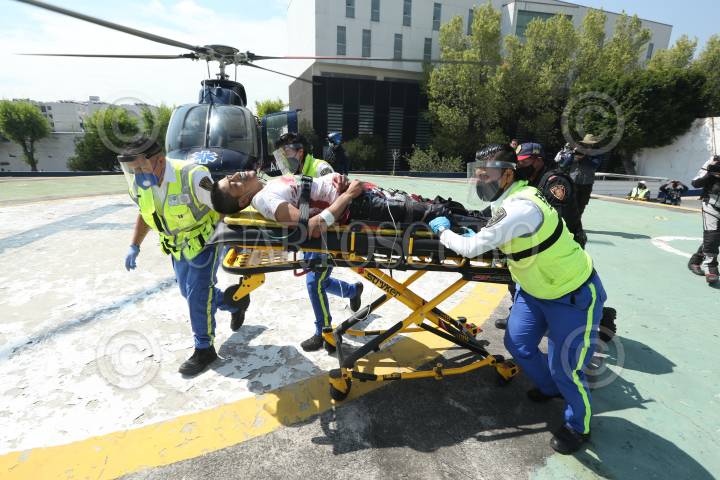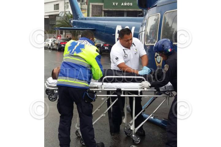 Trasladan en helicóptero Cóndor a policía baleado en Iztapalapa a la base de Tlaxcoaque, para que de ahí fuera llevado en ambulancia a recibier atención médica al hospital Álvaro Obregón.
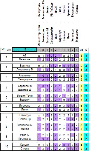 В следующем туре нас ждёт очная встреча лидирующего дуэта в Волковыске. Эвертон примет дома Коньяк, а Легия – Реал Сосьедад. Бавария едет в гости к Шахтёру, а Барселона наведается в Бергамо. Сампдорию ждёт домашнее дерби с Ювентусом, Неман примет АЗ, а Минск дома встретится с итальянскими «коммунистами». Локомотив попытается разжиться очками в домашнем матче с Молодечно, А Крумкачы примут Йовилл, которому уступают в таблице лишь по дополнительным показателям, являясь на текущий момент худшим прогнозистом дивизиона. До новых встреч! Удачи нам всем!!! Денис фартовый Астапенко
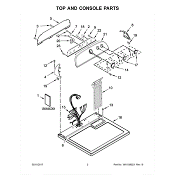 The Console Clip is an OEM part compatible with Whirlpool dryers. This clip secures the control console assembly to the top panel, ensuring it is firmly mounted during operation. Properly functioning clips are necessary to maintain the correct alignment of controls and prevent detachment.
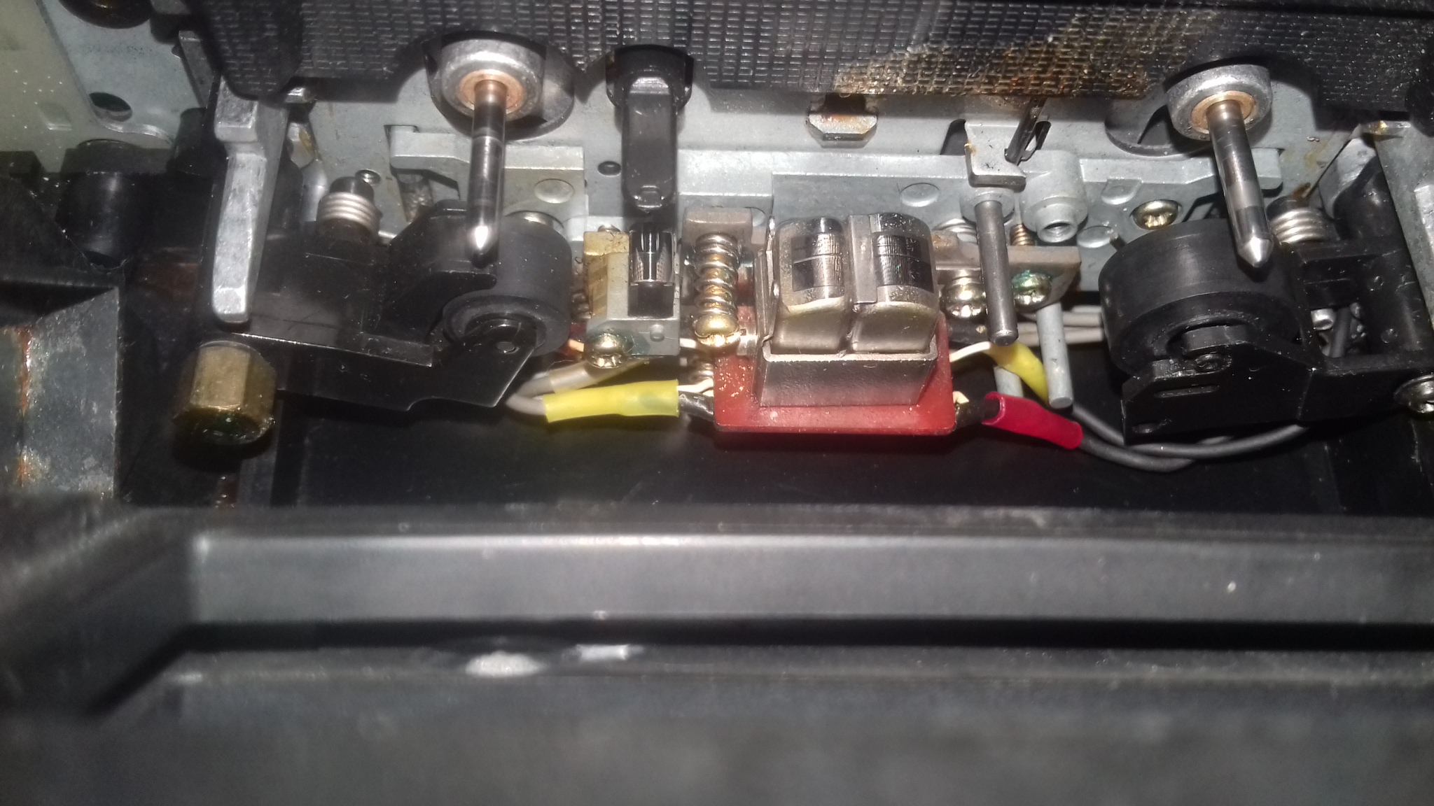 не делал никаких апов по Никитину 1. Заменил блок подмотки перемотки - поставил от 501 2. Если рассмотрите на фото - гайку подстройки высоты свернул проводил спецоперацию срезал остатки резьбы внешней сверлил опору стойки и нарезал резьбу М1,5 чтобы поставить регулировочный винт с шайбой фиксирующей |
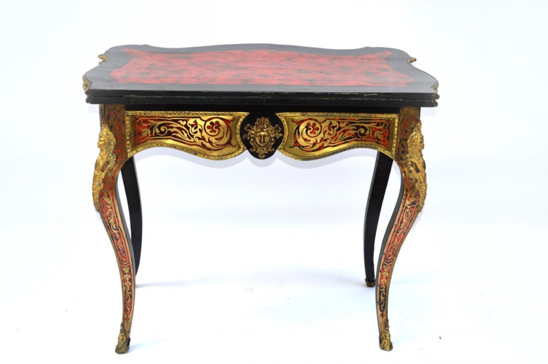 Restored Aesthetic Movement Tiger Tortoise Bamboo 3-Tier Pedestal Side TableITALIAN ROCOCO STYLE MARQUETRY INLAID & PARCEL-GILT TABLEFeb 22, 2026Antique French Rosewood Marquetry Inlay Fold Over Top Game Table With Bronze MountsFeb 16, 2026French Empire Ebonized Wood and Boulle Inlaid Desk, 1840, H 29.75" W 53" Depth 29.75"Feb 19, 2026FRENCH LOUIS XV STYLE MARQUETRY & MAHOGANY FLIP-TOP GAMES TABLEFeb 22, 2026BOULLE INLAID BRONZE SEWING STANDFeb 19, 2026A LOUIS XV ORMOLU-MOUNTED KINGWOOD AND TULIPWOOD BUREAU PLAT CIRCA 1750, LATER MOUNTEDFeb 18, 2026Elegant Louis XV Style Mahogany Side Table with Brass Gallery3 days LeftAntique French Card Table Ebonized Ormolu Inlay C1880Feb 15, 2026Louis XV Style Black Enamel on Wood One-Drawer Turtle-Top Center Table w/Gilt Gold Details2 days LeftChippendale Style Mahogany Console Table with Marble Top6 days LeftANGLO-INDIAN SPECIMEN WOOD INLAID EBONIZED PEDESTAL TABLEFeb 22, 2026Parlor Table, Turtle Top With White Marble, Walnut With Carved Fruit & Fruit BasketMar 21, 2026Scarborough House Hand Painted Ebony Gilt Console Table Chinoiserie Style2 days LeftMaitland Smith 8128-34 Mahogany Console Table with Gold Accents6 days LeftEXQUISITE GEORGE III PAINT DECORATED PEMBROKE TABLEFeb 21, 2026
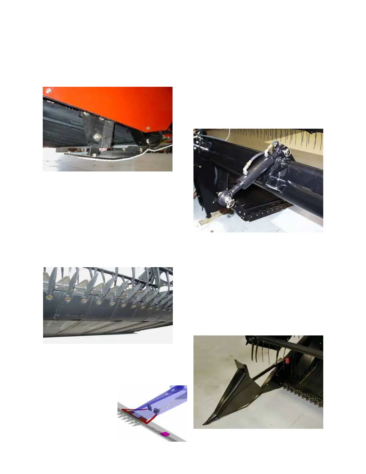MacDon 974 - Options and Attachments; Adjustable Outboard Skid Shoes with Poly Cover; Cutterbar Poly Wear Strips & Inboard Shoes with Poly Cover; Hydraulic Top Center Link
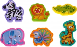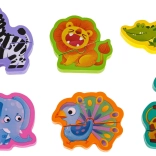 W zestawie znajdują się drewniane figurki zwierząt: zebra, lew, słoń, paw, żyrafa i krokodyl. Świetne do samodzielnej zabawy oraz wspólnego tworzenia z rodzicami.
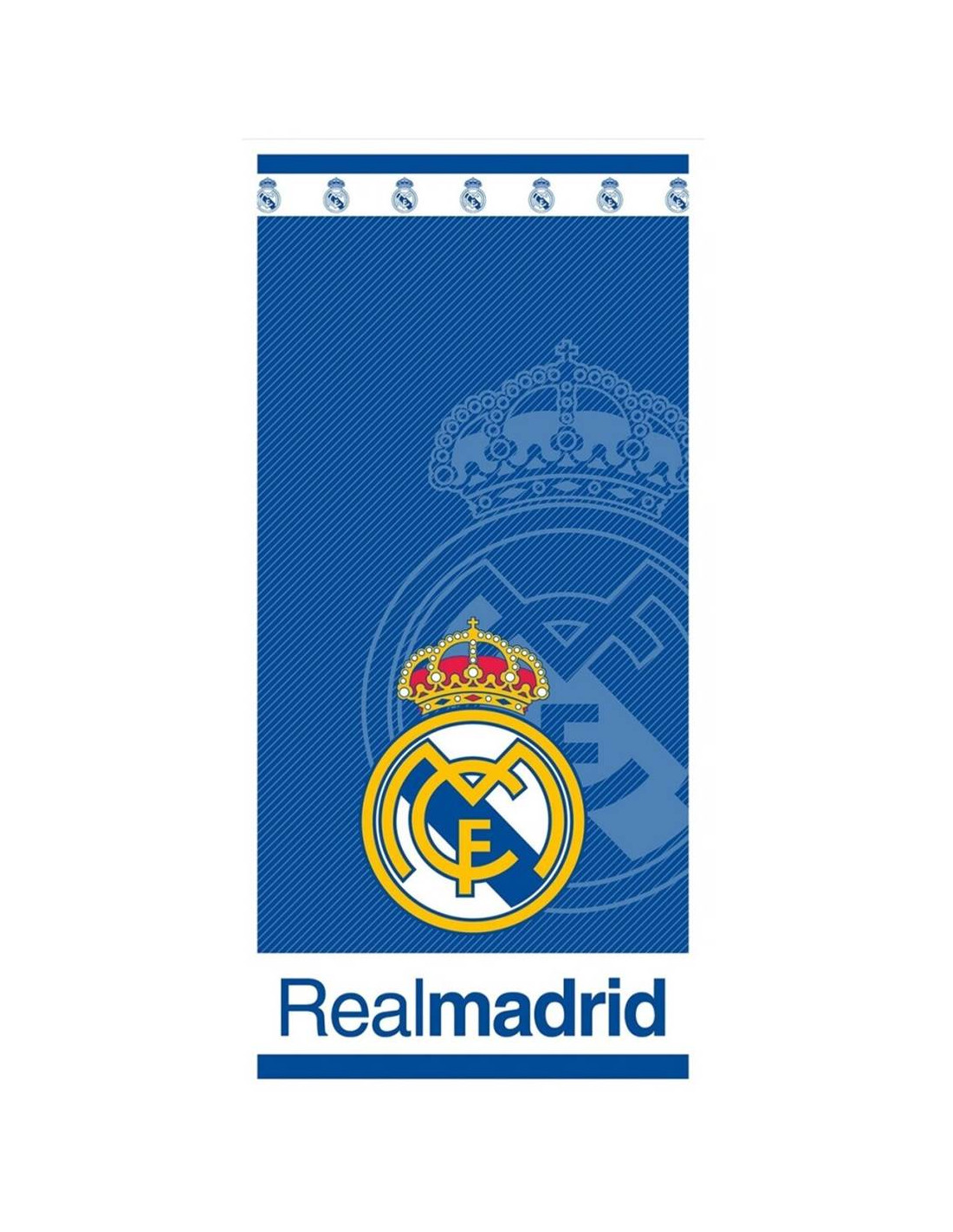 La Toalla de Playa Real Madrid de New Import es el complemento ideal para disfrutar del verano con comodidad y el estilo de tu equipo favorito.
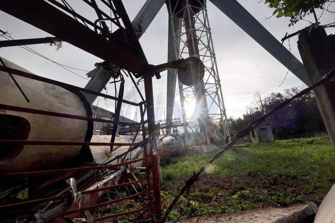 KHARKIV, UKRAINE - APRIL 22, 2024 - A Russian missile attack partially destroys the Kharkiv TV tower, Kharkiv, northeastern Ukraine., Credit:Vyacheslav Madiyevskyy / Avalon
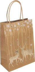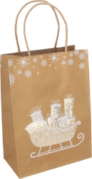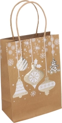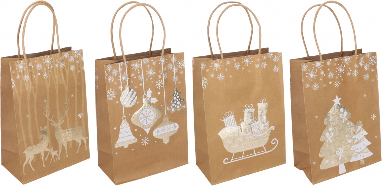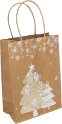 Elegante kerstcadeautas in maat S met afmetingen 15 × 21 × 8 cm, ideaal voor kleine geschenken. Biedt stijlvolle kerstmotieven, een stevige uitvoering en een praktisch handvat voor comfortabel dragen. Beschikbaar in 4 designvarianten.
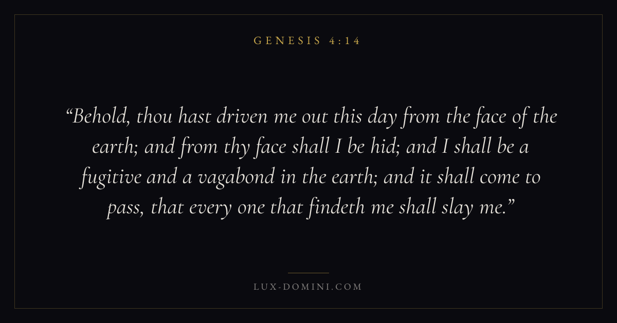 Behold, thou hast driven me out this day from the face of the earth; and from thy face shall I be hid; and I shall be a fugitive and a vagabond in the earth; and it shall come to pass, that every one that findeth me shall slay me.
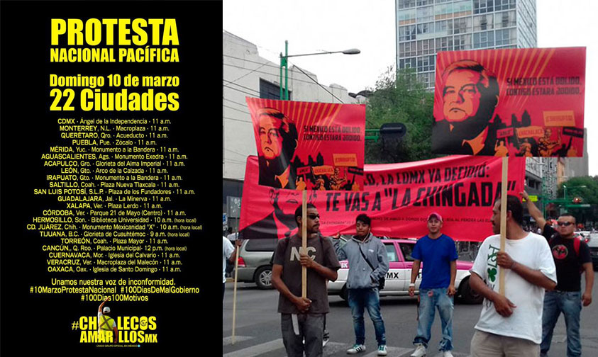 De acuerdo con la imagen, misma que está firmada a nombre de Chalecos Amarillos MX, se convoca a 22 ciudades de la república mexicana al movimiento pacífico que se realizará el próximo domingo 10 de marzo.
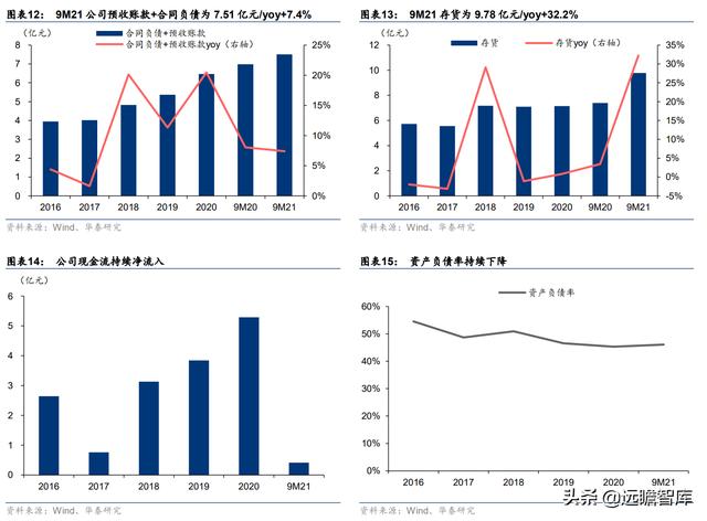 9M21公司预收账款+合同负债为7.51亿元/yoy+7.4%,存货9.78亿元/yoy+32.2%。
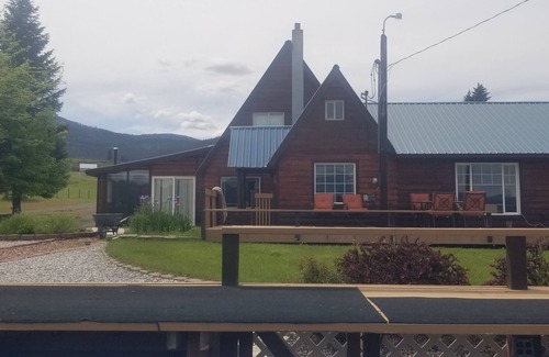 Jan 4th - Apr 23rd 30 night min. only $70 per night. Nestled in countryside of Kettle Falls, this delightful Lake and mountain view home offers a peaceful retreat for guests. Unique hand hewn pine interior in small original portion of home. 2 bedrooms including a king bed, queen bed, and futon, along with 2 full bathrooms , 0ne with a bathtub and shower, other with jet tub. This amazing property provides all the comforts of home. The living room with sofa bed. Whether you're looking to unwind or explore the area, this unique house is the perfect home base for your getaway. 10 min. to small town, 25 min to a larger town. 6 mi. to marina, 100 miles of boating Lake Roosevelt. Columbia River, 2 miles as a crow flies. Smaller Kettle River nearby. Miles and Miles of Forest area for horseback, ATV, snowmobiling, hunting or hiking all hop skip n jump away. 26 mi. from Canadian Border 1 hr from Lake Curlew. Small fishing lakes within the area. Beaches 5-25 min away. visit. the 2 mules on property. Contact host about property site entrance and surroundings prior to approaching house as the photos do not reflect the who;e property and photos were taken at prettiest time of year. There are other units on the property although the house is quite private and faces the landscaping, the rolling hills and the amazing lake only. Plenty of uncovered parking for toys. All my guests say to me is, " Amazing views and very accommodating! love the space! Disclosure. There is a friendly dog at Cabin 100- 200' away to the side of house but set back behind a ways. , and you may hear her bark occasionally or see her run about. Pics of house outside are from all angles, so you will recognize it when you drive up, as you come up to the backside of the house. all large view windows are in front and back is private w/ few small windows. Once at the house, all you pass is behind you, and all you can see is the Beautiful Lake, Landscaping, Rolling Green Hills.. Pics of inside to come. If they are not here, please ask for them. The home is fully and attractively furnished. Houseplants, Wood Stove and other other heat sources.wood included. Most all amenities in kitchen, bath and bedrooms that you might need. bbq, table and cusioned chairs on huge view deck w. lounge chair( seasonal. . PLEASE MESSAGE ME BEFORE BOOKING as I also have another vacation calandar that I have not synced yet with VRBO. DISCLOSURE. there are some cracked and missing tiles on front patios. But still very pleasant. These pics were taken 3 yrs ago in summer. Inside pics will be current. recommend front wheel drive w/ studs or 4 wheel. short distance on private drive. familiarity w/ wood stove recommended. wood provided. other heat sources available to supplement stove.
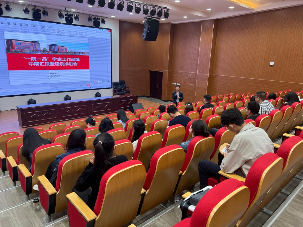 按照4月份学生工作安排,学生处于4月20日上午在大学生活动中心心理剧场,组织开展“一院一品”学生工作品牌中期汇报暨建设推进会,部分学工办主任、专职辅导员和学生处有关人员参加了此次会议。
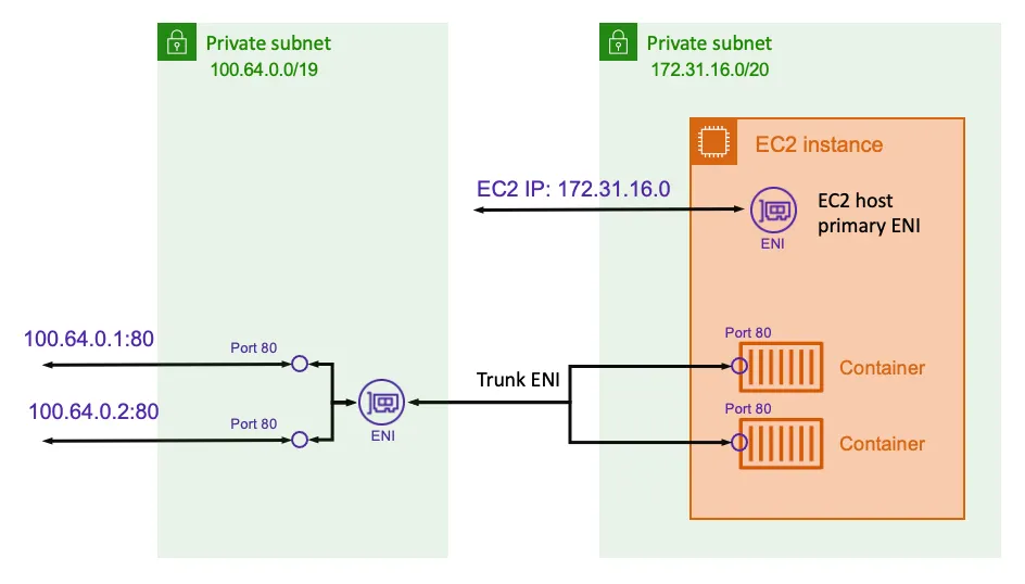 ENI Trunking은 ECS가 EC2 인스턴스당 시작할 수 있는 컨테이너 작업의 수를 크게 늘립니다. ENI 트렁킹 모드에서는 EC2 호스트당 2개의 ENI만 사용됩니다. 하나의 ENI는 EC2 호스트에서 사용되며, 다른 하나의 트렁크 ENI는 호스트의 모든 컨테이너가 공유합니다.
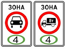 Если изображен грузовик, а ниже в зеленом кружке написана цифра "3", то в эту зону запрещено въезжать именно грузовикам, экологический класс которых ниже Евро 3. Если нарисована легковушка с той же цифрой, то запрещено въезжать всем машинам ниже этого класса.
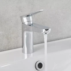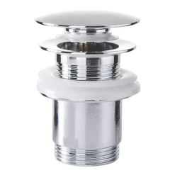 Brass body with silver finish. Modern design. Suitable for high and low pressure systems. Chrome-plated brass clicker waste included.

= Exercise instructions =
Reproduce the material above from its first line through the line containing "В следующем туре", both ends included, and skip every picture.

= Written reply =
 Trasladan en helicóptero Cóndor a policía baleado en Iztapalapa a la base de Tlaxcoaque, para que de ahí fuera llevado en ambulancia a recibier atención médica al hospital Álvaro Obregón.
 В следующем туре нас ждёт очная встреча лидирующего дуэта в Волковыске. Эвертон примет дома Коньяк, а Легия – Реал Сосьедад. Бавария едет в гости к Шахтёру, а Барселона наведается в Бергамо. Сампдорию ждёт домашнее дерби с Ювентусом, Неман примет АЗ, а Минск дома встретится с итальянскими «коммунистами». Локомотив попытается разжиться очками в домашнем матче с Молодечно, А Крумкачы примут Йовилл, которому уступают в таблице лишь по дополнительным показателям, являясь на текущий момент худшим прогнозистом дивизиона. До новых встреч! Удачи нам всем!!! Денис фартовый Астапенко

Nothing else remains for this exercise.